Abeille 3D met à disposition ces deux filaments avec devis instantané et réglages machine adaptés au matériau retenu.
Foire aux questions
Le TPU est-il meilleur que le PLA pour l’impression 3D ?
Le TPU n’est pas supérieur au PLA dans l’absolu. La comparaison dépend toujours de l’usage visé. Le TPU est à privilégier quand la pièce doit rester flexible, encaisser les chocs, conserver une bonne résistance à l’abrasion ou supporter une température d’environ 80 °C, avec une tenue correcte face à certains agents chimiques.
À l’inverse, le PLA reste le choix le plus simple pour des prototypes visuels, des pièces décoratives ou une validation de forme dès les premiers essais de validation. Il passe sur la majorité des imprimantes 3D avec peu de réglages, une couche souvent propre dès les premiers essais et une finition plus facile à obtenir.
Quels sont les inconvénients du TPU en impression 3D ?
Les inconvénients du TPU sont très concrets. Ce filament souple se guide mal dans un système Bowden, avec des risques de bourrage plus fréquents. Un extrudeur direct drive reste donc préférable selon la contrainte technique, surtout sur des pièces en caoutchouc technique ou à forte élasticité.
Ensuite, l’impression 3D en TPU demande plus de patience : la vitesse reste souvent limitée entre 20 et 40 mm/s. Le matériau est aussi hygroscopique. Un séchage de 4 à 6 heures à 50 °C avant impression réduit nettement les fils, les défauts de couche et les écarts de finition.
Dernier point, souvent sous-estimé : la post-production.

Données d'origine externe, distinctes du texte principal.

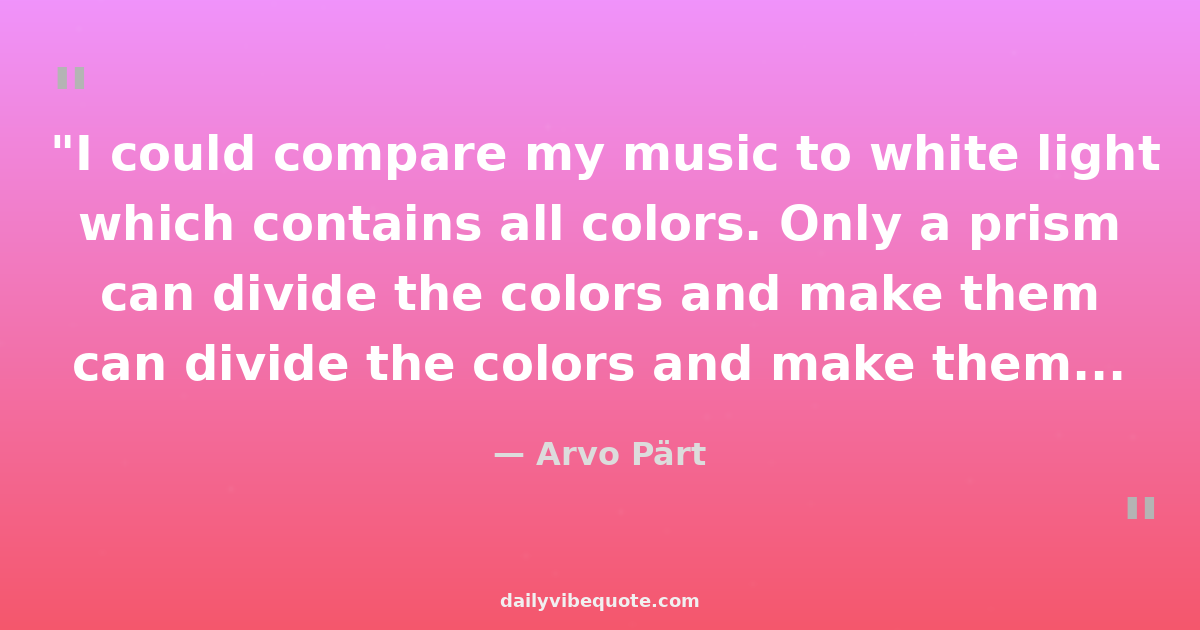 "I could compare my music to white light which contains all colors. Only a prism can divide the colors and make them appear; this prism could be the spirit of the listener."

Le ponçage est peu efficace sur une matière flexible, et une peinture non formulée pour élastomère peut craqueler dès que la pièce fléchit.
Quels sont les avantages du TPU par rapport au PLA ?
Face au PLA, le TPU apporte des avantages bien ciblés. Son élasticité est réelle, avec un rebondissement mesuré à 63 %, et sa résistance aux chocs comme à l’abrasion rappelle celle du caoutchouc. Il garde aussi de meilleures propriétés sous chaleur, jusqu’à 80 °C, avec une bonne tenue aux huiles et aux graisses.
En complément, ce matériau offre une cohésion entre chaque couche plus favorable sur des parois fines inférieures à 1 mm. Il supporte mieux l’humidité et les UV, ce qui le rend plus durable en extérieur pendant plusieurs mois. Joints, semelles ou protections : autant de cas d’usage où le PLA atteint vite ses limites de résistance.